Author Topic: Tags of some files aren't read correctly  (Read 3618 times)

grokoder

  • Posts: 29
Tags of some files aren't read correctly
« on: 1 Jan '15 - 04:56 »
BASS doesn't read tags of some files correctly. (Tags of these files are read correctly by Windows and Songbird, so this must be a bug in BASS).
It looks like BASS is using ASCII encoding for all non-Unicode tags. It should use system default encoding instead.

grokoder

  • Posts: 29
Re: Tags of some files aren't read correctly
« Reply #1 on: 1 Jan '15 - 05:07 »
UPD: BASS is using Windows-1252, while it should use system default encoding instead.
« Last Edit: 1 Jan '15 - 05:20 by grokoder »

Ian @ un4seen

  • Administrator
  • Posts: 23475
Re: Tags of some files aren't read correctly
« Reply #2 on: 2 Jan '15 - 15:45 »
BASS doesn't do any translation of tags itself (except to UTF-8 with Java on Android), ie. BASS_ChannelGetTags just gives what's in the file. Are you using the TAGS add-on? If so, it will produce ANSI text by default, but you can use the "UTF8" option to tell it to produce UTF-8 text instead. For example...

Code: [Select]
title=TAGS_Read(handle, "%UTF8(%TITL)"); // get title in UTF-8 form

grokoder

  • Posts: 29
Re: Tags of some files aren't read correctly
« Reply #3 on: 3 Jan '15 - 03:55 »
I'm using a BassTags.BASS_TAG_GetFromFile function in BASS .NET. It has to do some translation, because original tags can be ANSI strings, and this method returns a TAG_INFO class with System.String fields (and this type is always using UTF16).
I could do translation to a proper code page myself, but I don't see any way to detect if the encoding of the original tags is ANSI or Unicode.

grokoder

  • Posts: 29
Re: Tags of some files aren't read correctly
« Reply #4 on: 5 Jan '15 - 13:13 »
So, any help with this bug?

Ian @ un4seen

  • Administrator
  • Posts: 23475
Re: Tags of some files aren't read correctly
« Reply #5 on: 5 Jan '15 - 14:33 »
What type of tags do the affected files have, eg. ID3v1?

grokoder

  • Posts: 29
Re: Tags of some files aren't read correctly
« Reply #6 on: 6 Jan '15 - 08:31 »
What type of tags do the affected files have, eg. ID3v1?
It returns this type:

      tagType   BASS_TAG_ID3V2   Un4seen.Bass.BASSTag

Ian @ un4seen

  • Administrator
  • Posts: 23475
Re: Tags of some files aren't read correctly
« Reply #7 on: 6 Jan '15 - 17:24 »
OK, it appears to be ID3v2 tags then. ID3v2 tags can specify the text encoding (unlike ID3v1), so there should not be any character set issues with them, assuming that the software that wrote the tags did it properly. The text can be either ISO-8859-1 or UTF-16 (or UTF-8 with ID3v2.4). Which is your files using? If it's ISO-8859-1, then it would be correct to use the Windows-1252 code page for them. If you're unsure, you can upload one of the files and I'll have a look...
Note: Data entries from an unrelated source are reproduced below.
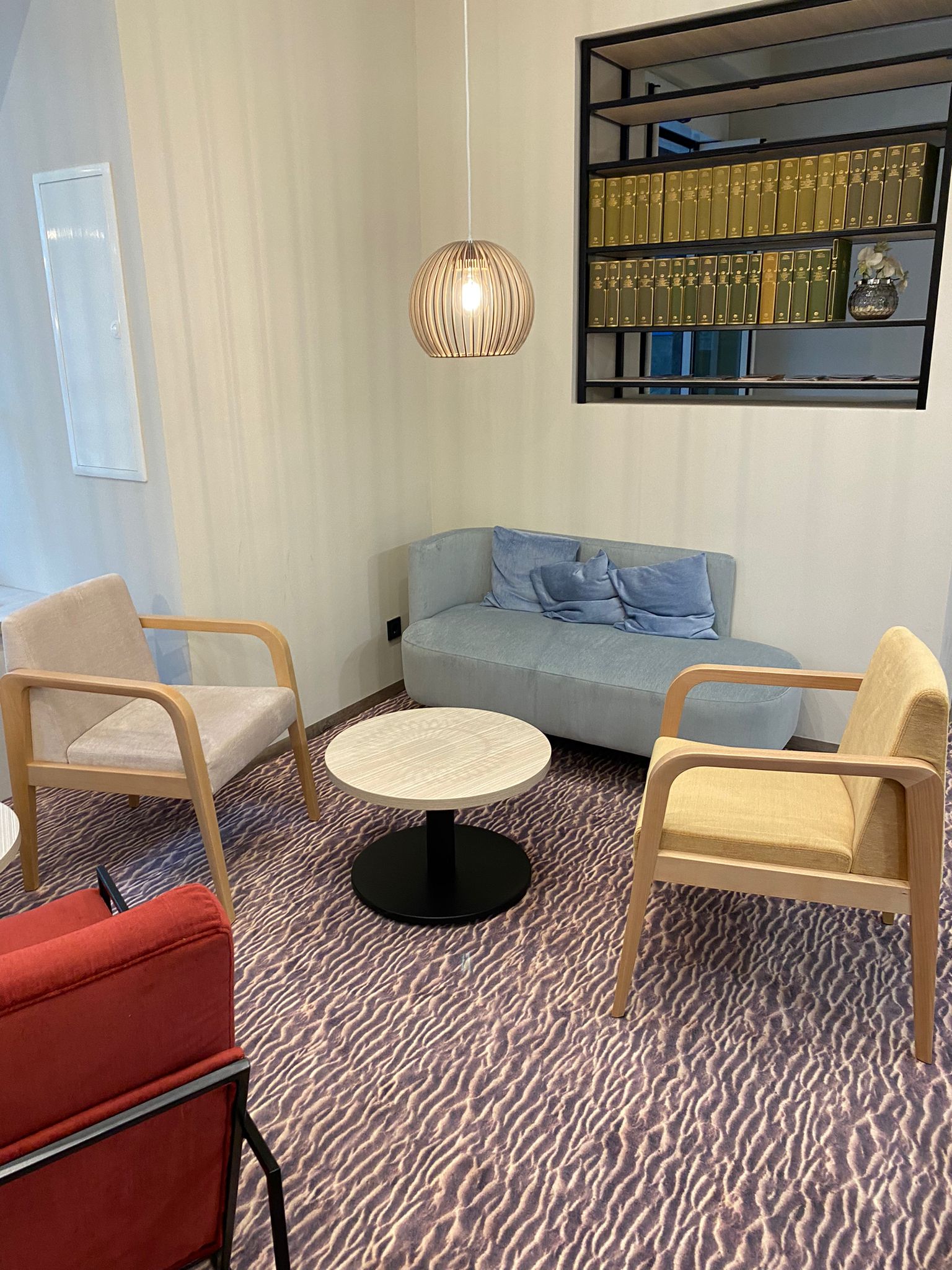 Der Lounge Bereich befindet sich auf einem Teppich im Sand Design, um Wärme und Erholung zu vermitteln. Die verschiedenen Bodenbeläge weisen eine gute Wegführung auf. Die Einrichtung ist nordisch inspiriert: sanfte Farben, natürliche Materialien und klare Linien.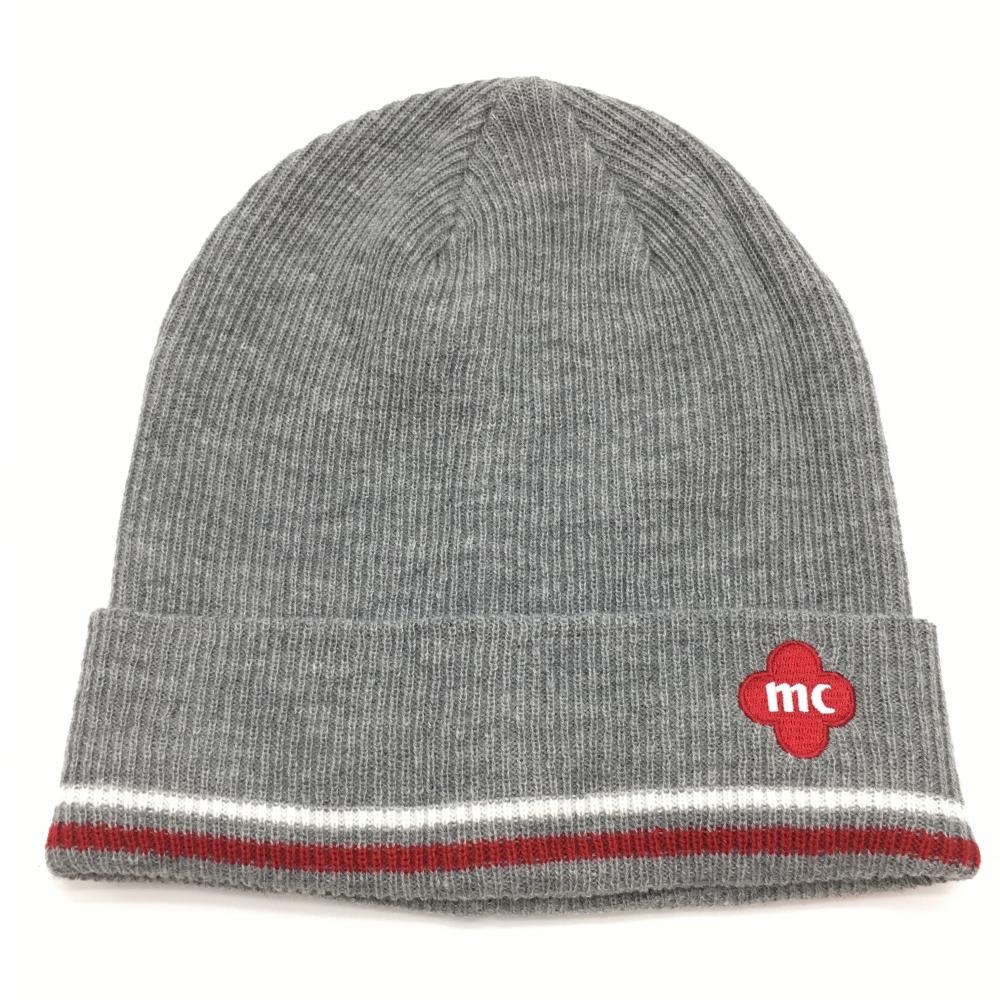 【超美品】マリクレール ニット帽 グレー×レッド アクリル混 レディース ゴルフウェア marie claire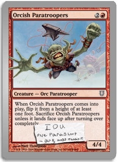 When Orcish Paratroopers comes into play, flip it from a height of at least one foot. Sacrifice Orcish Paratroopers unless it lands face up after turning over completely.

   ftp.un4seen.com/incoming/

grokoder

  • Posts: 29
Re: Tags of some files aren't read correctly
« Reply #8 on: 7 Jan '15 - 03:04 »
I've uploaded a sample file, but I don't see it in the directory listing.
I'm not sure if these tags are "theoretically correct", but all players I have and Windows read them correctly. Encoding used in this file is Windows-1251, not ISO-8859-1.

Ian @ un4seen

  • Administrator
  • Posts: 23475
Re: Tags of some files aren't read correctly
« Reply #9 on: 7 Jan '15 - 17:39 »
Yep, the problem is that the file's ID3v2 tags say that they have ISO-8859-1 text when they don't. If you have set Windows' non-Unicode code page is set to 1251, then the tags may look OK in some software (that uses Windows' code page setting instead of ISO-8859-1) on your system, but they won't look OK in that software on other systems that have a different code page setting. Those tags should be using UTF-16 text instead.

I've never looked for such a thing myself, so I'm not sure if it exists, but perhaps there is software that can change ID3v2 tags from ISO-8859-1 to UTF-16 and allow you to specify a code page to use (or use the Windows setting) when doing that, which you could use to fix the tags in your file(s).

grokoder

  • Posts: 29
Re: Tags of some files aren't read correctly
« Reply #10 on: 8 Jan '15 - 02:34 »
I've never looked for such a thing myself, so I'm not sure if it exists, but perhaps there is software that can change ID3v2 tags from ISO-8859-1 to UTF-16 and allow you to specify a code page to use (or use the Windows setting) when doing that, which you could use to fix the tags in your file(s).
I can do this translation in my code, but I need to know what was the original tags encoding.

Ian @ un4seen

  • Administrator
  • Posts: 23475
Re: Tags of some files aren't read correctly
« Reply #11 on: 8 Jan '15 - 15:34 »
According to the ID3 specs, the text should be ISO-8859-1. When it isn't (like in your example), I don't think there is any way to be certain about what code page should be used for Unicode conversion. You may just need to try various code pages until you find one that looks right.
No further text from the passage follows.